Blaming the Young

Surprise, surprise. There’s a new book out called Generation Me that Simon & Schuster is giving the big push. Expect to hear lots of blather on radio and tv about what narcissistic losers the current generation of young people are. I’ve been teaching college English since 1969, so I meet a sample of college students every year. Except that women and minority students now take themselves more seriously than they did then, I don’t see a big difference.
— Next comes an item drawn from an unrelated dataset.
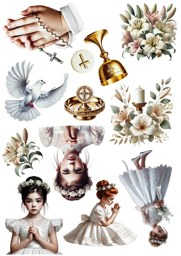 Papier klasyczny A4 Artando do decoupage - Pierwsza Komunia Święta, dziewczynka, kwiaty
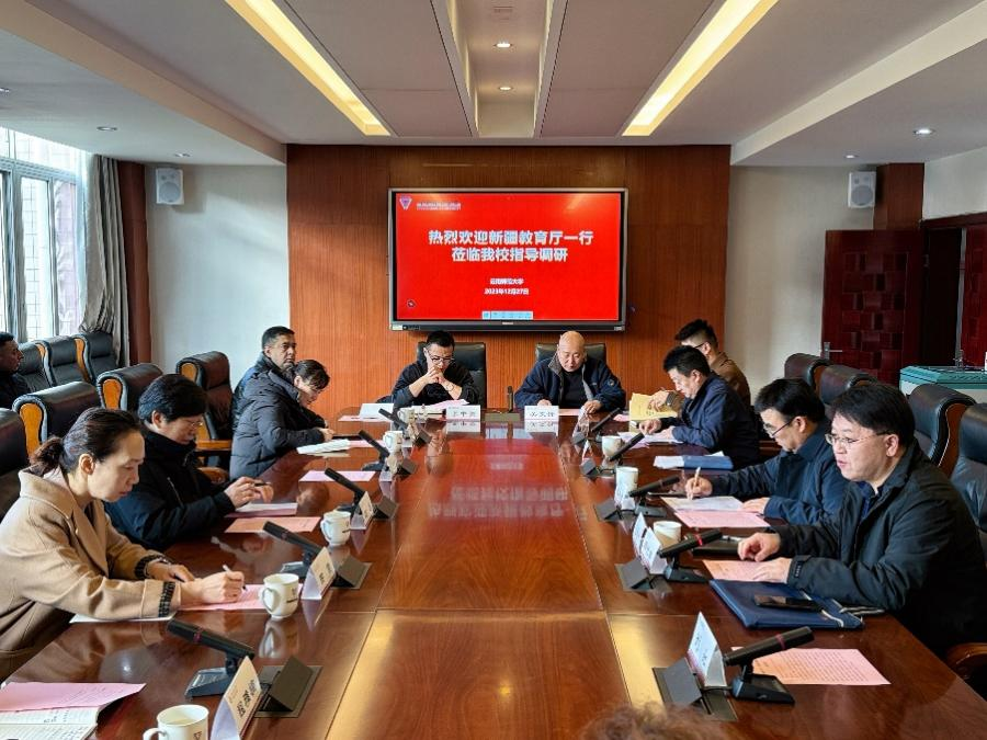 12月27日上午,新疆教育厅刘剑副厅长一行到永利官网就学生教育管理服务工作进行调研,永利官网副校长武友德、学生工作部及职业技术教育学院相关负责人参加了会议。会议由云南省教育厅民族教育处处长邓世斌主持。

The young are a convenient whipping boy or girl for whatever’s wrong with the world. The Virginia legislature recently banned cell phone use for drivers under 18. This is their way of not dealing with the fact that anyone driving with a cell phone is a bad idea. When I go about my pedestrian business and almost get run down in cross walks on a daily basis by people driving SUVs, clueless in Cell Phone Land, the drivers usually aren’t under 18. Cars kill more people than guns, year in, year out: 40,000+ in the US just like clockwork. Public hue and cry? Only about young drivers, especially young drunk drivers. Maybe a transportation system that puts everyone using it at the mercy of the competence of every other user is an inherently dumb (often lethal) system? When we boomers are all half-blind with the reaction time of drugged sloths, are we still going to blame the young for danger on the road?

It seems the only way the young can catch a break is by dying in Iraq. How narcissistic of them—sent there by leaders who seem to live in their own little world, racking up debt for those worthless young people to pay.

As she points out, the author of Generation Me is part of the generation she’s critiquing. Born in 1971, she has a Ph.D. in psychology and a weighty list of impressive publications. I’m sure it’s a good book, but I can’t help noticing that the self-esteem talk she criticizes seems to have worked out okay for her. The first issue of Ms. came out in 1970. I remember it. It was a big damn deal. My bright women students back then rarely dreamed of getting a doctorate. Many planned to find a husband in college before they graduated. (I kid you not). Things changed. If that means we now have a generation scoring higher on a narcissism scale because they believe they can be anything they want to be, I think the species is all the better for it.

All generations of young people are inexperienced and inadequately prepared to deal with life’s vicissitudes. I take that to be the young mammalian condition. So they figure it out, like every other generation. Books like Generation Me are part of that process I suppose. Let’s hope the young do a better job with the world than the mess we’re handing them.